**PROBLEM DETAILS**
Skip the pictures. Transcribe exactly the lines from the line containing "一上枱煙霧瀰漫,儀式感十足。" to the end of the listing.
*** Opening of RECORDS SHOWN ***
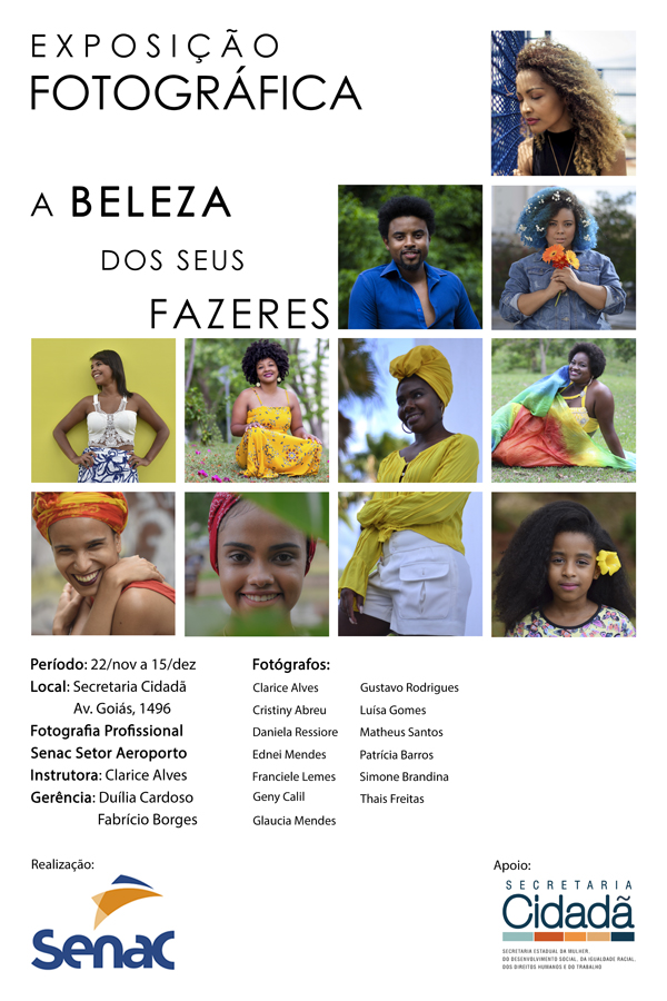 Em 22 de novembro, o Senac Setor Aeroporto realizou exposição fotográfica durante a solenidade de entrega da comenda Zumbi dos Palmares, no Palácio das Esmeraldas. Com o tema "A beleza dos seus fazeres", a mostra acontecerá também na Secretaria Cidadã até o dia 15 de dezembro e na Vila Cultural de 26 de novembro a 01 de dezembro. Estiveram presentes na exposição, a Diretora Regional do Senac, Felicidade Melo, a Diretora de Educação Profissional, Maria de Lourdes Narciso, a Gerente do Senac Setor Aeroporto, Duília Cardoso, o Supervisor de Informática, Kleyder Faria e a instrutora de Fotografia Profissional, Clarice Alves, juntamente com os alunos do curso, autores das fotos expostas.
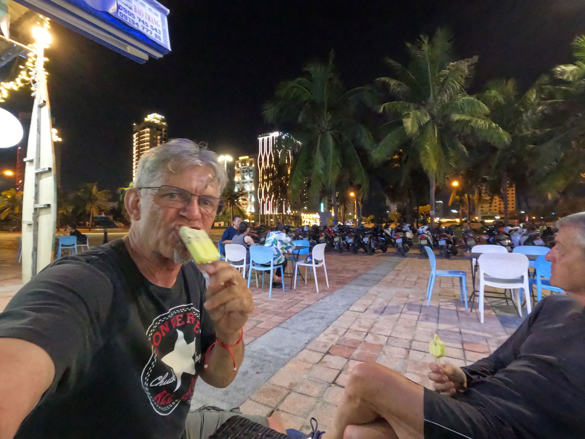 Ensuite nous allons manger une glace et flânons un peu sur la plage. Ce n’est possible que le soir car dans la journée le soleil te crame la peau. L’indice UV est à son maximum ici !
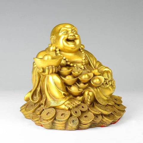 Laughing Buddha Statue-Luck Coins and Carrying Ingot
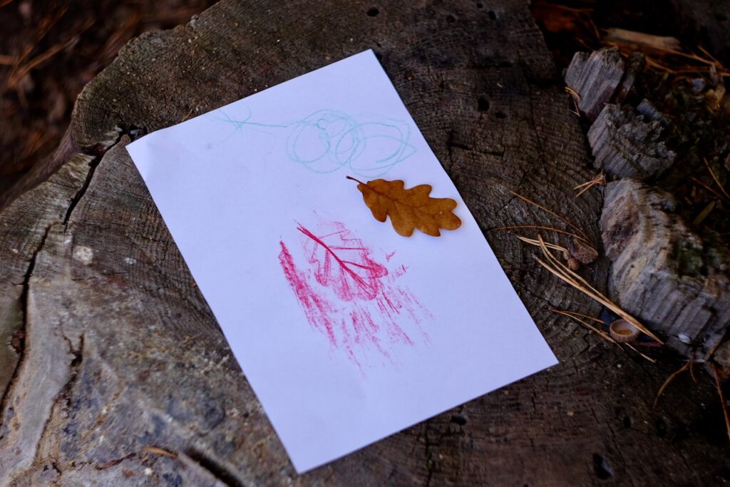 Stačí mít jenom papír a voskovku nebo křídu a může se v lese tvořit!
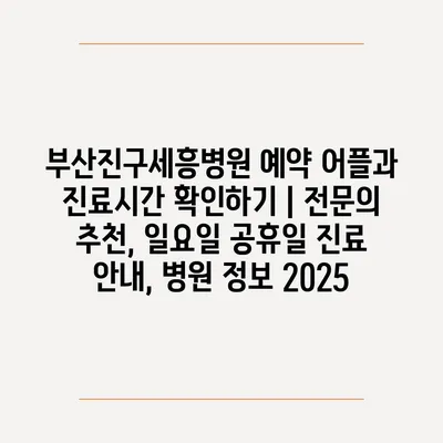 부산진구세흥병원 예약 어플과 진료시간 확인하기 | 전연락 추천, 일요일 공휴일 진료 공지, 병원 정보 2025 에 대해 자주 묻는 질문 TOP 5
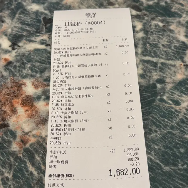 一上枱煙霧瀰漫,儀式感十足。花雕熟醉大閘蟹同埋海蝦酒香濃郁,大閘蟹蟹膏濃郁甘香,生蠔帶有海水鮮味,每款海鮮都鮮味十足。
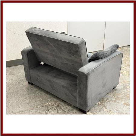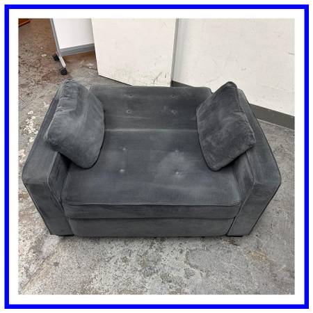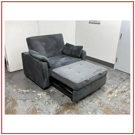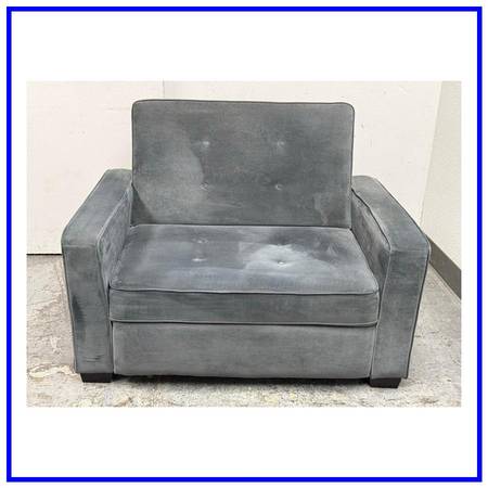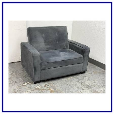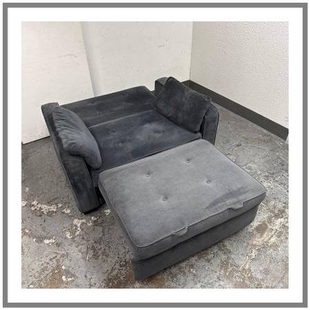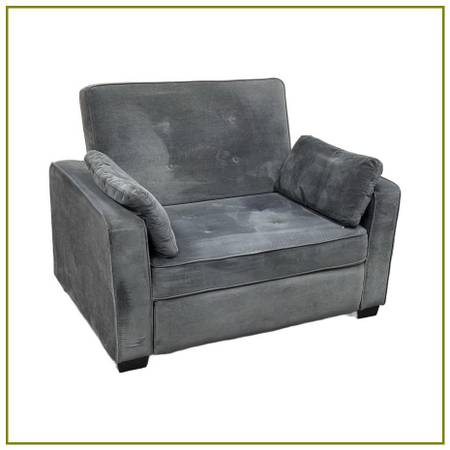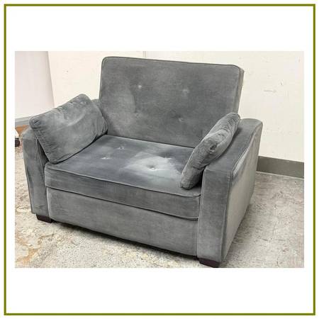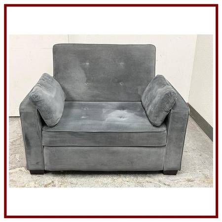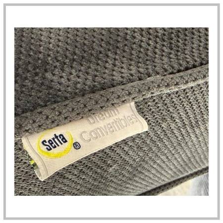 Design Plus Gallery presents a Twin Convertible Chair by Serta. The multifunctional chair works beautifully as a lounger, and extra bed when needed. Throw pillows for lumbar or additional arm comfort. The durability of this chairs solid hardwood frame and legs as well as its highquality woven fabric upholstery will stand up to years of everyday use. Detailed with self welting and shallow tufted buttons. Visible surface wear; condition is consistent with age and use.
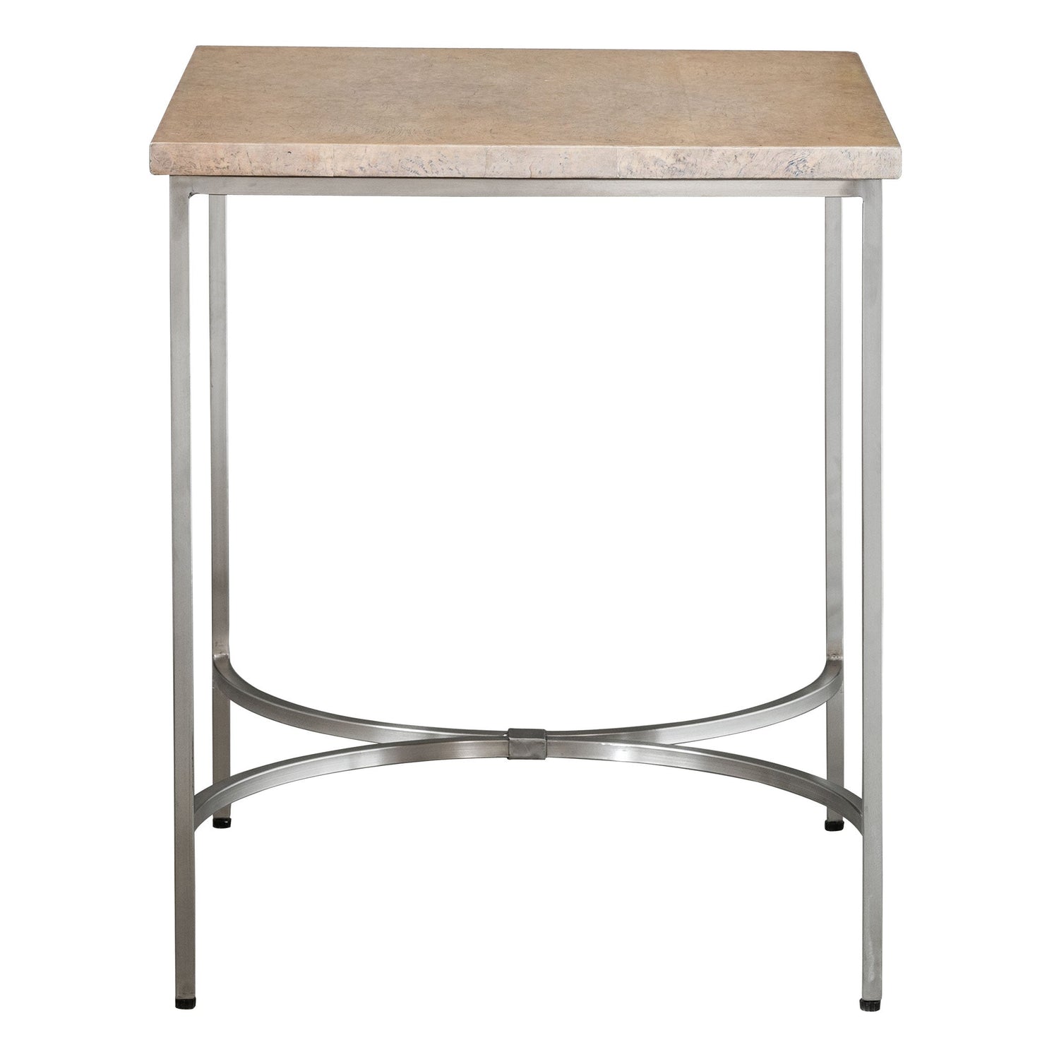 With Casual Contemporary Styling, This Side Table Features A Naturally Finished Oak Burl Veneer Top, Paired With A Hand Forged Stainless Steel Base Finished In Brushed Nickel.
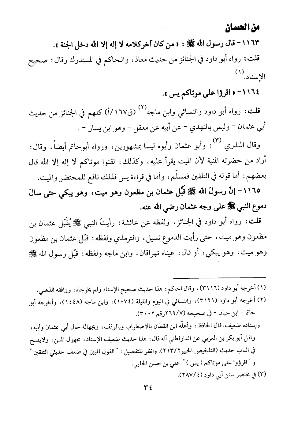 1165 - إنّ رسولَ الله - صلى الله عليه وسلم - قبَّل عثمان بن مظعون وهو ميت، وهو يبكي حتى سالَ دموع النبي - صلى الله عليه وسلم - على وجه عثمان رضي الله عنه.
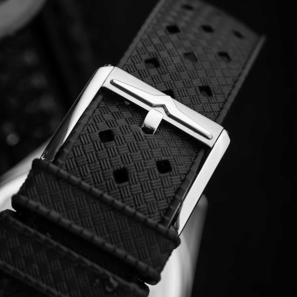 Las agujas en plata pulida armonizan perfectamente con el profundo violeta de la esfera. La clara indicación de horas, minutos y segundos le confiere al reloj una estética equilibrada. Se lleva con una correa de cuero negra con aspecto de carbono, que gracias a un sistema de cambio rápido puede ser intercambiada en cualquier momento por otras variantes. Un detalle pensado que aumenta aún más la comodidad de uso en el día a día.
*** Close of RECORDS SHOWN ***
**EXERCISE ANSWER**
 一上枱煙霧瀰漫,儀式感十足。花雕熟醉大閘蟹同埋海蝦酒香濃郁,大閘蟹蟹膏濃郁甘香,生蠔帶有海水鮮味,每款海鮮都鮮味十足。
 Design Plus Gallery presents a Twin Convertible Chair by Serta. The multifunctional chair works beautifully as a lounger, and extra bed when needed. Throw pillows for lumbar or additional arm comfort. The durability of this chairs solid hardwood frame and legs as well as its highquality woven fabric upholstery will stand up to years of everyday use. Detailed with self welting and shallow tufted buttons. Visible surface wear; condition is consistent with age and use.
 With Casual Contemporary Styling, This Side Table Features A Naturally Finished Oak Burl Veneer Top, Paired With A Hand Forged Stainless Steel Base Finished In Brushed Nickel.
 1165 - إنّ رسولَ الله - صلى الله عليه وسلم - قبَّل عثمان بن مظعون وهو ميت، وهو يبكي حتى سالَ دموع النبي - صلى الله عليه وسلم - على وجه عثمان رضي الله عنه.
 Las agujas en plata pulida armonizan perfectamente con el profundo violeta de la esfera. La clara indicación de horas, minutos y segundos le confiere al reloj una estética equilibrada. Se lleva con una correa de cuero negra con aspecto de carbono, que gracias a un sistema de cambio rápido puede ser intercambiada en cualquier momento por otras variantes. Un detalle pensado que aumenta aún más la comodidad de uso en el día a día.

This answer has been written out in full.